Novaya Zemlya was indeed a hell on earth. According to the last census, the island was home to 2,500 people, mostly Nenetses and Avars living in Belushya Guba settlement. The island itself was in reality two islands-Severny in the north, and Yuzhny in the south-each separated from the other by the Matochkin Strait.
It was a shame, really, Adnan thought, that all the world knew of Novaya Zemlya was its Cold War history. The Russians and Europeans had known about it since the eleventh century, first through Novgorod traders, then through a steady string of explorers-Willoughby, Barents, Liitke, Hudson… They’d all visited here hundreds of years before it was annexed by the Soviets in 1954, renamed the Novaya Zemlya Test Site, and divided into zones: A, Chyornaya Guba; B, Matochkin Shar; and C, Sukhoy Nos, where the fifty-megaton Tsar Bomba was detonated in 1961.
During its lifespan, Novaya Zemlya had been home to nearly three hundred nuclear detonations, the last one in 1990. Since then it had become many things to many people-a curiosity, a tragedy, a grim reminder… But for the cash-poor Russian government after the dissolution, the island had become a dumping ground, a place to abandon their abominations.

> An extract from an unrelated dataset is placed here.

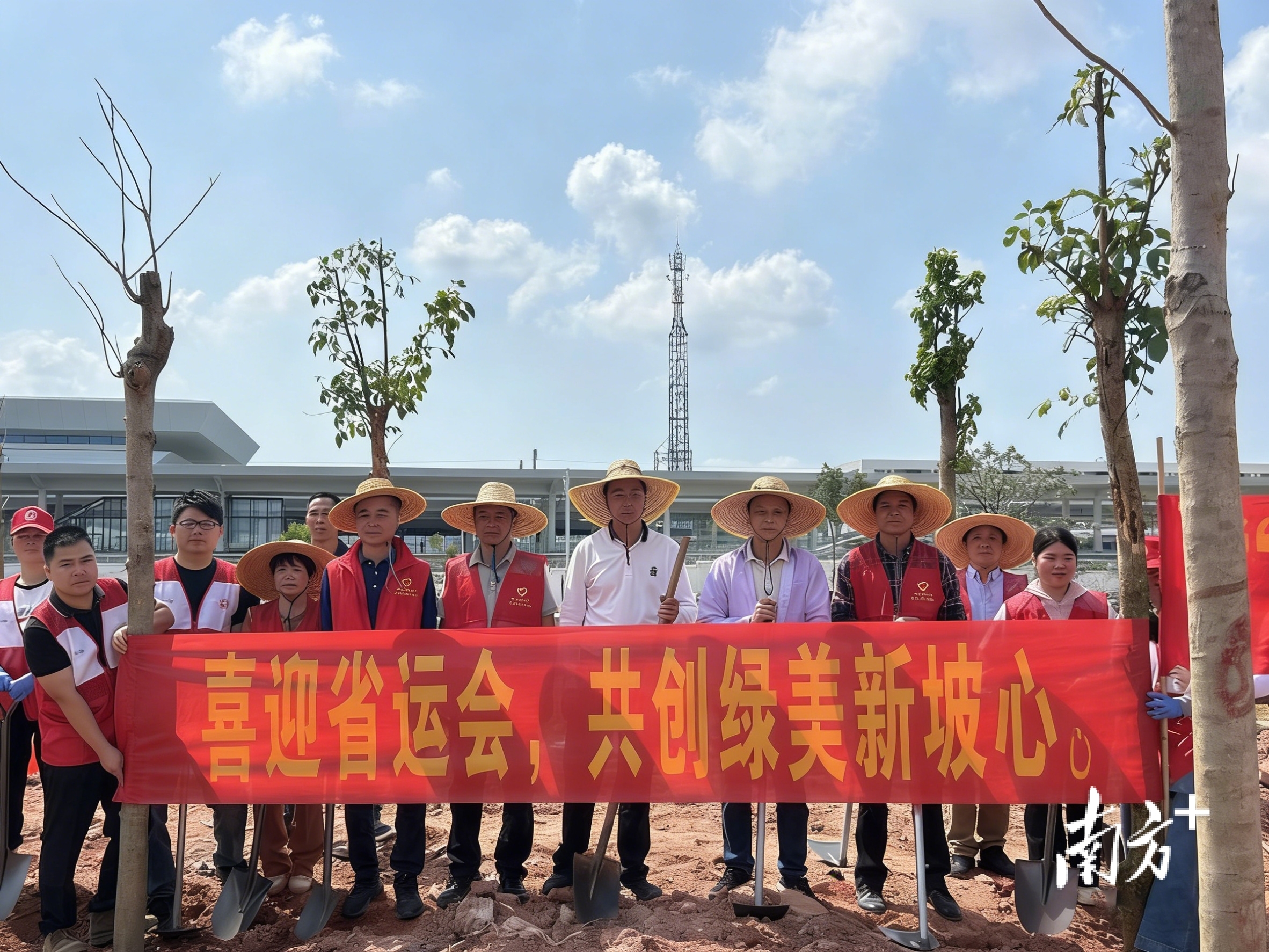 沿着村道往高铁站方向走,坡心镇村干部干得热火朝天。在高铁进入茂名的“第一眼”风景线上,他们按照技术人员指导,精心栽种了适应性强、观赏性佳的火焰木、菩提榕等苗木,力求打造亮眼生态名片,以生态绿化扮靓墟村颜值,迎接省运会到来。

What was that American phrase? Adnan wondered. Ah, yes… One man’s trash is another man’s treasure.
They were interested in the new line, Cassiano saw. Where it crossed roads, how far off the ground it was, how many support pylons per mile… An interesting request, and of course he would do his best to acquire the information.
They were also interested in trains, which puzzled him. It was true that trains came and went on a daily basis, but their entry into the facility was strictly limited and monitored. If they were looking to gain access to the facility, there were easier ways. Perhaps that was the answer. They weren’t interested in the trains as a means of infiltration but rather as a measurement tool. The facility’s output was a closely kept secret, but if the trains coming and going were monitored and their specifications known, one could make a good guess as to the output levels.
Very smart, he thought. And it did fit with what he knew about his employers. Competition was a healthy thing, he’d been told, and nothing could be done about a newly discovered oil field. What could be controlled, however, were prices and output capacity, which is what he suspected his employer planned to do. The OPEC nations (Islamic nations) had been the world’s largest supplier of oil for decades upon decades, and if Cassiano could help maintain that supremacy, he would happily do so.